Pseudo-Argyll Robertson pupils are associated with accommodative paresis, and pupils become mid-dilated and show light-near dissociation.

Attempts at upward gaze often produce convergence retraction nystagmus in pinealomas, multiple sclerosis and brainstem infarction.

The syndrome is classically associated with three major groups:

Young patients with brain tumors in the pineal gland or midbrain.

Piinealoma are the most common lesion producing this syndrome.

Women in their 20s-30s with multiple sclerosis.

Older patients following stroke of the upper brainstem

Compression or ischemic damage of the mesencephalic tectum, including the superior colliculus adjacent oculomotor and Edinger-Westphal nuclei, are involved causing dysfunction to the motor function of the eye.

Parinaud syndrome is due to compression of the quadrigeminal plate, where the neural centers coordinating the conjugated vertical eye movement are located.
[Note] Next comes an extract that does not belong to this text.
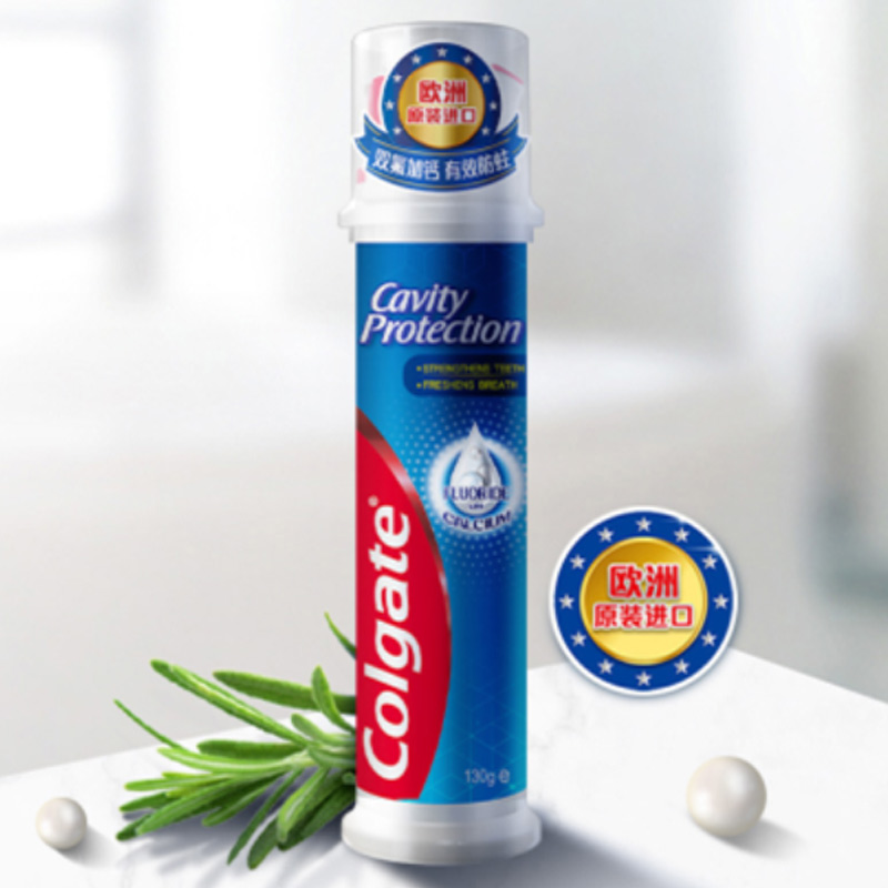 (European imports) High Dew Straight vertical anti-tooth toothpaste Fresh breath to mouth and stink Press Toothpaste 130g
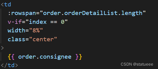 此时需要注意:当我们遍历数组时,有几个订单详情就会遍历几次,需要把rowspan动态赋值为数组的长度,且只显示index=0时的(这里不太懂)

Other compressions due to ischemia or damage to this region can produce these findings: obstructive hydrocephalus, midbrain hemorrhage, cerebral arteriovenous malformation, trauma, brainstem toxoplasmosis infection.

Neoplasms and giant aneurysms of the posterior fossa have also been associated with the midbrain syndrome.

Metabolic disorders, such as Niemann-Pick disease, Wilson’s disease, kernicterus, and barbiturate overdose have also been associated with vertical supranuclear ophthalmoplegia

Treatment is directed towards etiology of the dorsal midbrain syndrome.

Neuroimaging is essential to define anatomic lesions or other causes of this syndrome.

Management of upgaze palsy, retraction nystagmus and convergence movement can be relieved with bilateral inferior rectus resections.

Parinaud’s syndrome generally improve slowly over months, especially with resolution of the causative factor, but continued resolution after the first 3–6 months of onset is uncommon.

Rapid resolution after normalization of intracranial pressure following placement of a ventriculoperitoneal shunt has been reported.